TensorProduct(-,-) is a bifunctor, covariant in each argument.

How to use FunctorMap to define TensorProductMap in the Maple implementation:


`homalg/TensorProductMap` := proc(M,phi,N,L,var::list,RingPackage) ### Main: "Functors"
  local RP, nar, optional, functor;

  RP := `homalg/tablename`(procname,args[-1],nar);

  if type(RP,procedure) then RETURN(RP(args[1..-1-nar])) fi;

  optional := args[6..-1-nar];

  #=====# begin of the core procedure #=====#

  functor := proc(M) `homalg/TensorProduct`(M,L,args[1+1..-1]) end;

  `homalg/FunctorMap`(functor,
    [M], phi, [N]
  ,var,optional,RP)
end:

How to use FunctorMap to define TensorProduct2Map in the Maple implementation:


`homalg/TensorProduct2Map` := proc(L,M,phi,N,var::list,RingPackage) ### Main: "Functors"
  local RP, nar, optional, functor;

  RP := `homalg/tablename`(procname,args[-1],nar);

  if type(RP,procedure) then RETURN(RP(args[1..-1-nar])) fi;

  optional := args[6..-1-nar];

  #=====# begin of the core procedure #=====#

  functor := proc(M) `homalg/TensorProduct`(L,M,args[1+1..-1]) end;

  `homalg/FunctorMap`(functor,
    [M], phi, [N]
  ,var,optional,RP)
end:

How to use FunctorMap to define HomMap_R in the Maple implementation:


`homalg/HomMap_R` := proc(M,phi,N,var::list,RingPackage) ### Main: "Functors"
  local RP, nar, optional, cofunctor;
  
  RP := `homalg/tablename`(procname,args[-1],nar);
  
  if type(RP,procedure) then
    RETURN(RP(args[1..-1-nar]))
  fi;
  
  optional := args[5..-1-nar];
  
  #=====# begin of the core procedure #=====#
  
  cofunctor := `homalg/Hom_R`;
  
  `homalg/FunctorMap`(cofunctor,
    [M], phi, [N]
  ,var,optional,RP)
end:

Hom(-,-) is a bifunctor, contravariant in its first and covariant in its second argument.

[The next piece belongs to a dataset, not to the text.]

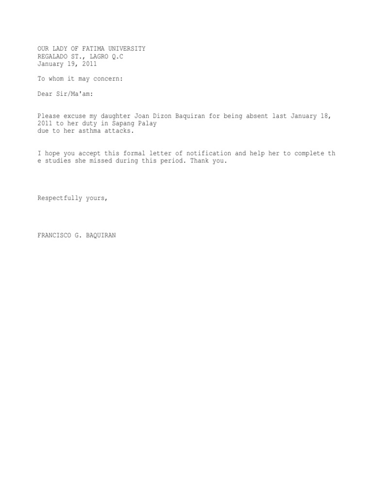 excuse letter.docx - February 7 2020 Dear Ma\u2019am\/Sir ... from www.coursehero.com Maybe you would like to learn more about one of these? Please excuse my daughter for being absent. Check spelling or type a new query. We did not find results for: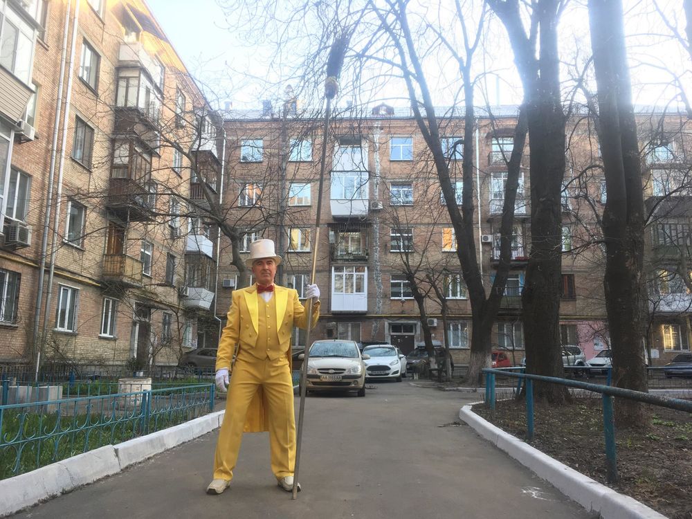 Культовый киевский дворник, который метет улицы во фраке, купил желтый смокинг

How to use FunctorMap to define HomMap in the Maple implementation:


`homalg/HomMap` := proc(M,phi,N,L,var::list,RingPackage) ### Main: "Functors"
  local RP, nar, optional, cofunctor;

  RP := `homalg/tablename`(procname,args[-1],nar);

  if type(RP,procedure) then RETURN(RP(args[1..-1-nar])) fi;

  optional := args[6..-1-nar];

  #=====# begin of the core procedure #=====#

  cofunctor := proc(M) `homalg/Hom`(M,L,args[1+1..-1]) end;

  `homalg/FunctorMap`(cofunctor,
    [M], phi, [N]
  ,var,optional,RP)
end:

How to use FunctorMap to define Hom2Map in the Maple implementation:


`homalg/Hom2Map` := proc(L,M,phi,N,var::list,RingPackage) ### Main: "Functors"
  local RP, nar, optional, functor;

  RP := `homalg/tablename`(procname,args[-1],nar);

  if type(RP,procedure) then RETURN(RP(args[1..-1-nar])) fi;

  optional := args[6..-1-nar];

  #=====# begin of the core procedure #=====#

  functor := proc(M) `homalg/Hom`(L,M,args[1+1..-1]) end;

  `homalg/FunctorMap`(functor,
    [M], phi, [N]
  ,var,optional,RP)
end:

Encapsulating functors

Here we demonstrate the simplest form of encapsulation.

How to encapsulate the functor Hom_R in the Maple implementation:


`homalg/Functor_Hom_R` := proc() ### Main: "Functors"
 
  [ `homalg/Hom_R`,
    `homalg/HomMap_R` ]
end:

We show how to encapsulate the functor TensorProduct in the Maple implementation. This encapsulation takes care of the bi-functoriality of TensorProduct(-,-):


`homalg/Functor_TensorProduct` := proc(B) ### Main: "Functors"
  
  [ proc(M) `homalg/TensorProduct`(M,B,args[1+1..-1]) end,
    proc(M,phi,N) `homalg/TensorProductMap`(M,phi,N,B,args[3+1..-1]) end,
    ## take care of multi-functoriality:
    B,
    proc(P)
      proc(M,phi,N) `homalg/TensorProduct2Map`(P,M,phi,N,args[3+1..-1]) end
    end ]
end:

Next we show how to encapsulate the functor Hom in the Maple implementation. This encapsulation takes care of the bi-functoriality of Hom(-,-):


`homalg/Functor_Hom` := proc(B) ### Main: "Functors"
  
  [ proc(M) `homalg/Hom`(M,B,args[1+1..-1]) end,
    proc(M,phi,N) `homalg/HomMap`(M,phi,N,B,args[3+1..-1]) end,
    ## take care of multi-functoriality:
    B,
    proc(P)
      proc(M,phi,N) `homalg/Hom2Map`(P,M,phi,N,args[3+1..-1]) end
    end ]
end:

Composition of functors

Composing functors is an easy task in homalg. The procedure responsible for this is called ComposeFunctors. Here we demonstrate this by two examples.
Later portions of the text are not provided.